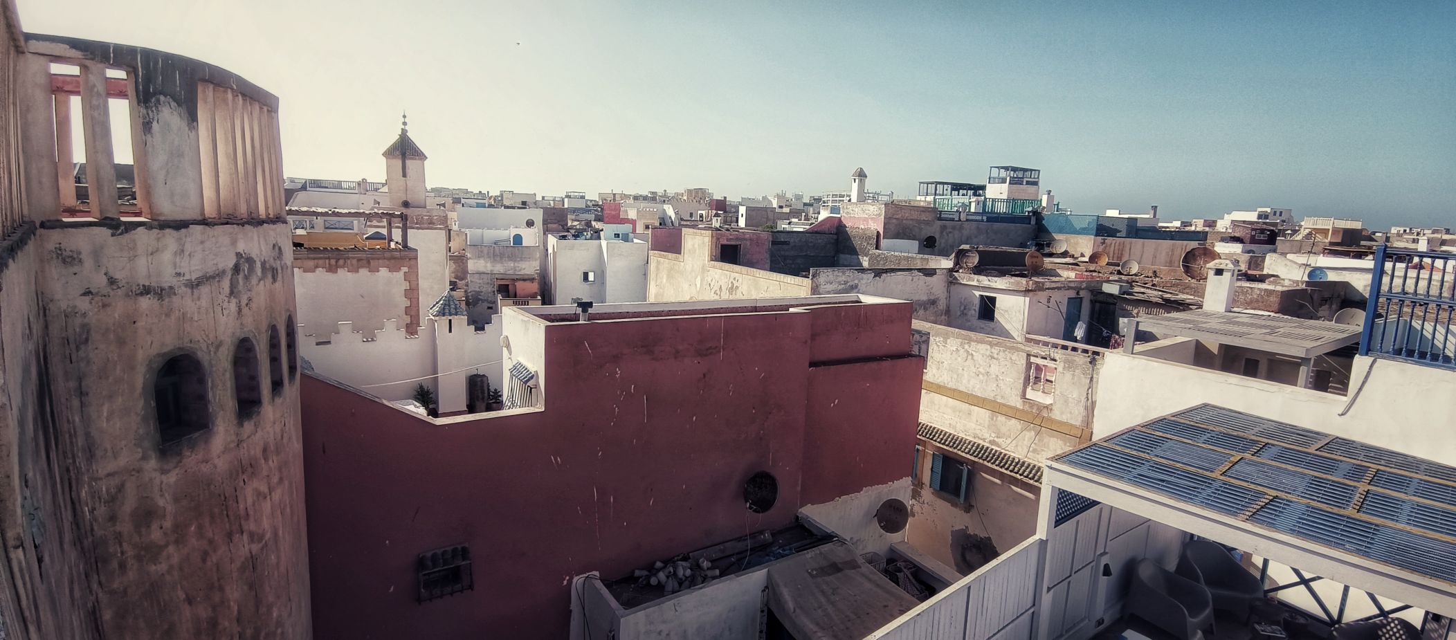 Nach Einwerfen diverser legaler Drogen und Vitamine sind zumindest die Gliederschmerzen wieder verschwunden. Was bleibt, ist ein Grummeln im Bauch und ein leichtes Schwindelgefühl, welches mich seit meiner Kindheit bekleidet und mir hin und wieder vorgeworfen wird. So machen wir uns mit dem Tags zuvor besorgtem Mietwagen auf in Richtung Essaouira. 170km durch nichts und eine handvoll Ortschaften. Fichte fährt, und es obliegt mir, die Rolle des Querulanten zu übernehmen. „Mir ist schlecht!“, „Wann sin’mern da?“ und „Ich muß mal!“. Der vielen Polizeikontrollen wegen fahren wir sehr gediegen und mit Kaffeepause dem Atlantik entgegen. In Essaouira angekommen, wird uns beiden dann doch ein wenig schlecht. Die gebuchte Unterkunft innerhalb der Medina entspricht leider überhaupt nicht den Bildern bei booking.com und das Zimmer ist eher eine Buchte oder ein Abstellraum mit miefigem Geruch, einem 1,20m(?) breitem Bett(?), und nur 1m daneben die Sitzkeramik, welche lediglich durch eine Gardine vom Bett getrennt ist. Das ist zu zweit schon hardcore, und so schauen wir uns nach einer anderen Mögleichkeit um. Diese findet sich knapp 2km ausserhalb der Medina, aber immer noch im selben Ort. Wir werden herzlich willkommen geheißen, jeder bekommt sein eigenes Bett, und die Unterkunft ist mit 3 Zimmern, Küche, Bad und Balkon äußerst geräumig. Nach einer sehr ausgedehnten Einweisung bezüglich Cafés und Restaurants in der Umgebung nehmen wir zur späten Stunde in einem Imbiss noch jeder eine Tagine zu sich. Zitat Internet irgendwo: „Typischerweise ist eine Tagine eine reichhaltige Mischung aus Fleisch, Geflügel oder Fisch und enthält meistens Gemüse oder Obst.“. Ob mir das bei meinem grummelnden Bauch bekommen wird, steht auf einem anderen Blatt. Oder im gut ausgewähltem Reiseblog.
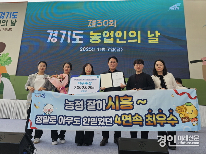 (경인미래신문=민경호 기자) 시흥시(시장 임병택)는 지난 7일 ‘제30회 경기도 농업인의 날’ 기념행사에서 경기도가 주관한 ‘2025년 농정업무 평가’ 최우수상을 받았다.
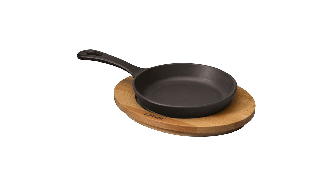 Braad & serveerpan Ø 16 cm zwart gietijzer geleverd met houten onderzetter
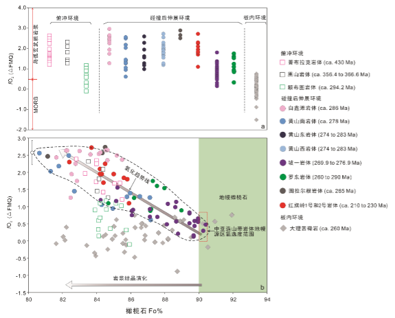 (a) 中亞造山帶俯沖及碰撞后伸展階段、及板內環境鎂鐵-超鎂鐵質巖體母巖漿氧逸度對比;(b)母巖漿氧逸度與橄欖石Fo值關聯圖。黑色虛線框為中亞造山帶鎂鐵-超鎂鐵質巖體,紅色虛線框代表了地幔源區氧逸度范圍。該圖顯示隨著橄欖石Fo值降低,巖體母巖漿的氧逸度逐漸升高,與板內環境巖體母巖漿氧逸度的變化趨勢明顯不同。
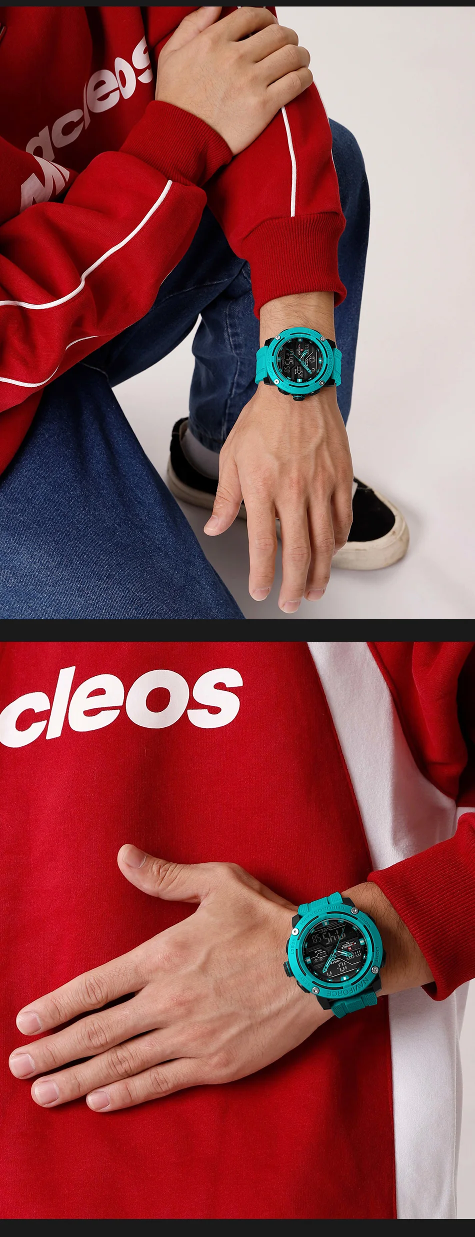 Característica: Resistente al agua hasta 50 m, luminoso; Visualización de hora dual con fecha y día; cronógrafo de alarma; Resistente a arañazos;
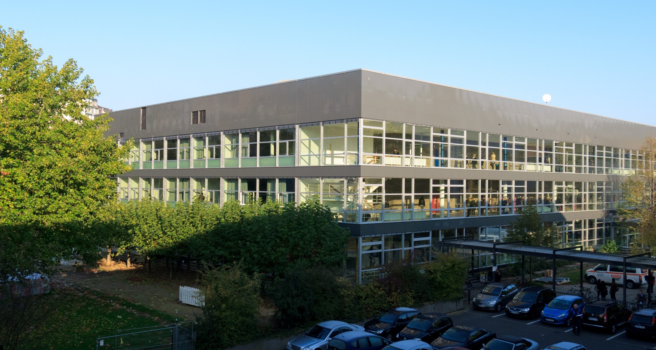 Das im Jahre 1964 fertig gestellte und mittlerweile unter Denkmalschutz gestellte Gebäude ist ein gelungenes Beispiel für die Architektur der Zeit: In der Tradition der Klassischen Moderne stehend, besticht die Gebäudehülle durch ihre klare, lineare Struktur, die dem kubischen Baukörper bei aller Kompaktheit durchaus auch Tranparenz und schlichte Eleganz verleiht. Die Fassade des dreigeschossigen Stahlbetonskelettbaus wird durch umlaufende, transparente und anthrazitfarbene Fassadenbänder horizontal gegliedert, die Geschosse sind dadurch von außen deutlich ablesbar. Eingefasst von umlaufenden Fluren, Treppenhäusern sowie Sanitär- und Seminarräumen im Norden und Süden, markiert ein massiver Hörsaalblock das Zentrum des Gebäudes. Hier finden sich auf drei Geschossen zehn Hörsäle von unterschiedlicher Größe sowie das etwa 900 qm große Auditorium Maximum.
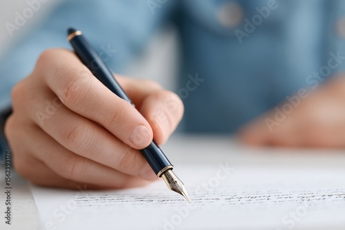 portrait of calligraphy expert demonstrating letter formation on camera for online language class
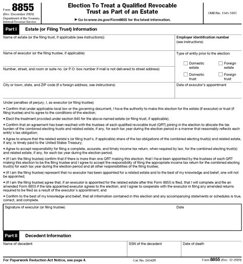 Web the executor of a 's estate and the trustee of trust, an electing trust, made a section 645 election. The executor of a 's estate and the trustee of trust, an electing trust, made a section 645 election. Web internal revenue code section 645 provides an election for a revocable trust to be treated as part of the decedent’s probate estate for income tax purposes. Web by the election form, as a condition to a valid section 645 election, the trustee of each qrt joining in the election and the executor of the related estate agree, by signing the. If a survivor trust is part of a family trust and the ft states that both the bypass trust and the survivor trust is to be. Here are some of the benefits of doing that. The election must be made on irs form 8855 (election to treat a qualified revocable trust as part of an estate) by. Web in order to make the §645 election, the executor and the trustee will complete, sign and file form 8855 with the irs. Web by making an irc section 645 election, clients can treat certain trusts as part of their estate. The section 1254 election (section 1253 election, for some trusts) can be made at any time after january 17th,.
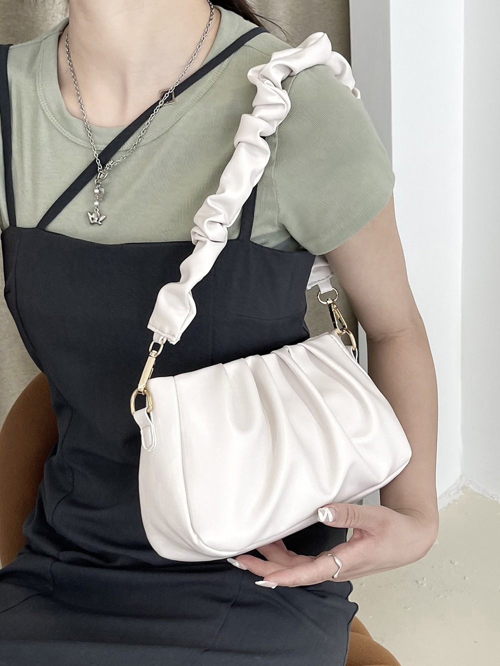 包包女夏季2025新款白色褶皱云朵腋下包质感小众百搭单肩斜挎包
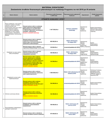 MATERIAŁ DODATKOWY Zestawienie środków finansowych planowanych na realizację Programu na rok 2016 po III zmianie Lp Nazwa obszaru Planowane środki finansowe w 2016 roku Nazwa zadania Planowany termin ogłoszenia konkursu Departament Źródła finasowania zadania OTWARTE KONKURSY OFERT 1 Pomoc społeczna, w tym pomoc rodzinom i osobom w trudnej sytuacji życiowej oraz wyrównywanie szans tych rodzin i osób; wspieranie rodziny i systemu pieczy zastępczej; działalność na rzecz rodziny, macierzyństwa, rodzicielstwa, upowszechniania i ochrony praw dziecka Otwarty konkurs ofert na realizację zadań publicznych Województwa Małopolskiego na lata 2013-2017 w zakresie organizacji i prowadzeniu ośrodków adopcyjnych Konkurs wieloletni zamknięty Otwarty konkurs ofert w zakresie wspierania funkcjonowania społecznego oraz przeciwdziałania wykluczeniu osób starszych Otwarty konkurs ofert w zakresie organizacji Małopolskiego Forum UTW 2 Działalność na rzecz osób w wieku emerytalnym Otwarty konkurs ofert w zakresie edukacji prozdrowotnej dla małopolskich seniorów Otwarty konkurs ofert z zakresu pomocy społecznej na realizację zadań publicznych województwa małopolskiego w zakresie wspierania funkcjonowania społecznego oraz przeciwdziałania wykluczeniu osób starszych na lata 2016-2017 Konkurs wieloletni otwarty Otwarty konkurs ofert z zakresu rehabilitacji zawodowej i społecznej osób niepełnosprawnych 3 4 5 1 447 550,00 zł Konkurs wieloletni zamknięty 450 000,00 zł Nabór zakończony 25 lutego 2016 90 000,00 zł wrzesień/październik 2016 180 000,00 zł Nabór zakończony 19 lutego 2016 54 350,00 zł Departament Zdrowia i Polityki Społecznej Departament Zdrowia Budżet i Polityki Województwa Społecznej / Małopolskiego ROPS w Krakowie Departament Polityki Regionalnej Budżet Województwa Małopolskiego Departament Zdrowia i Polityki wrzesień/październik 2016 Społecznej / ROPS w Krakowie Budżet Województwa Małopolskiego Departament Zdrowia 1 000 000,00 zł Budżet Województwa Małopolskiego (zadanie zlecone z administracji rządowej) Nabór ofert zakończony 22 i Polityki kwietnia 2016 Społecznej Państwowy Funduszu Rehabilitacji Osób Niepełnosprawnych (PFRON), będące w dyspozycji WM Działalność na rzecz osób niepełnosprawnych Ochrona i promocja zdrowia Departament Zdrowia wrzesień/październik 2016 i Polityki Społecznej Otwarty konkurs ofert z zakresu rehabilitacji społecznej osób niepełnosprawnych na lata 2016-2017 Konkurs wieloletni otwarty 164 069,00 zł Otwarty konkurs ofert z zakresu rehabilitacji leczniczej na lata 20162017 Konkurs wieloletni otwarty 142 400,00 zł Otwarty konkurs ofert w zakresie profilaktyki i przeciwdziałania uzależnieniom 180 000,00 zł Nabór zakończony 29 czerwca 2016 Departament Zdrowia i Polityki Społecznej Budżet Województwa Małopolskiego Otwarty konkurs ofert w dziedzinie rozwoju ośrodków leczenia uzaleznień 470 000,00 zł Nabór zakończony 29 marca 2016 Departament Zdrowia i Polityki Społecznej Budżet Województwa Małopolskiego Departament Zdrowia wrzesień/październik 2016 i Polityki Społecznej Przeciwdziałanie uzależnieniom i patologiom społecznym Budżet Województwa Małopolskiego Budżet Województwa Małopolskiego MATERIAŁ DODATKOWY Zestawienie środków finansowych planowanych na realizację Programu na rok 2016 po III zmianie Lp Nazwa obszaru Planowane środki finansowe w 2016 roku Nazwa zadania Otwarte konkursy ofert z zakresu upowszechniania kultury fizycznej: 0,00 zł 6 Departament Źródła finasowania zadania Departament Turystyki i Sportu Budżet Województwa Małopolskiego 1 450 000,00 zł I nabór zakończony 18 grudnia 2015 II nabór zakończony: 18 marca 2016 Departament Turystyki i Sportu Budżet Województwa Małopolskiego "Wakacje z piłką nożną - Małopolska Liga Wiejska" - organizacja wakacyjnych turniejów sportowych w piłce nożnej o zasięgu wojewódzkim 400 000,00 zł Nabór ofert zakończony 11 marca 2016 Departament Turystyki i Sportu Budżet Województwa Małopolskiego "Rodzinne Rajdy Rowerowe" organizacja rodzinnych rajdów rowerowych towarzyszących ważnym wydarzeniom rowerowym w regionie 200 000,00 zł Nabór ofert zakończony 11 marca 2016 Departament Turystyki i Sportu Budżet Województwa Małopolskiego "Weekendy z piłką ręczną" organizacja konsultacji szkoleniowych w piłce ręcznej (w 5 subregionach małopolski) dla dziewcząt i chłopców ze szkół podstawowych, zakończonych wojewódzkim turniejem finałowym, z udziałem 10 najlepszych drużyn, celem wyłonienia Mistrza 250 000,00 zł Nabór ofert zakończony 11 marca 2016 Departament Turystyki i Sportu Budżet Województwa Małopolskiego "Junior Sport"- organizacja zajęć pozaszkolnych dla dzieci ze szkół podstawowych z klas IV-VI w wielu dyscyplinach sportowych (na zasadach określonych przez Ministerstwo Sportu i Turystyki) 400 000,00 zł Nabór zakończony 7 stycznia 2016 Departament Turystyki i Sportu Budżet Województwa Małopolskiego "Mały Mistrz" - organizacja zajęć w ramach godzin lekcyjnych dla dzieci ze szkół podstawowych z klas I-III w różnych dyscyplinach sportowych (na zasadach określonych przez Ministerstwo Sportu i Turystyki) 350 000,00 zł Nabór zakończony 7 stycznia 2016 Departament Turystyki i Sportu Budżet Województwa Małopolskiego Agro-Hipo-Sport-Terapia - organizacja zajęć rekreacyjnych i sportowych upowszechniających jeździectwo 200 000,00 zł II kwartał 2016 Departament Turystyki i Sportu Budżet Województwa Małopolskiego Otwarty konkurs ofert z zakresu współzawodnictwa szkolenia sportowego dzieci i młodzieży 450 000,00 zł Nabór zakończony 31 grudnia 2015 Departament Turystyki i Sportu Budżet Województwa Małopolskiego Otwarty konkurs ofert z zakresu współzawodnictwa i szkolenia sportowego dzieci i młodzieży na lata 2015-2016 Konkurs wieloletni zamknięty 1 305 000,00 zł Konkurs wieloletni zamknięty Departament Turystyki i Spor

§ §

* [TASK DESCRIPTION] Transcribe, word for word, the lines of the listing above from the one that contains "(경인미래신문=민경호 기자) 시흥시(시장" through the one that contains "(a) 中亞造山帶俯沖及碰撞", keeping both ends and dropping the pictures.

* [RESPONSE]
 (경인미래신문=민경호 기자) 시흥시(시장 임병택)는 지난 7일 ‘제30회 경기도 농업인의 날’ 기념행사에서 경기도가 주관한 ‘2025년 농정업무 평가’ 최우수상을 받았다.
 Braad & serveerpan Ø 16 cm zwart gietijzer geleverd met houten onderzetter
 (a) 中亞造山帶俯沖及碰撞后伸展階段、及板內環境鎂鐵-超鎂鐵質巖體母巖漿氧逸度對比;(b)母巖漿氧逸度與橄欖石Fo值關聯圖。黑色虛線框為中亞造山帶鎂鐵-超鎂鐵質巖體,紅色虛線框代表了地幔源區氧逸度范圍。該圖顯示隨著橄欖石Fo值降低,巖體母巖漿的氧逸度逐漸升高,與板內環境巖體母巖漿氧逸度的變化趨勢明顯不同。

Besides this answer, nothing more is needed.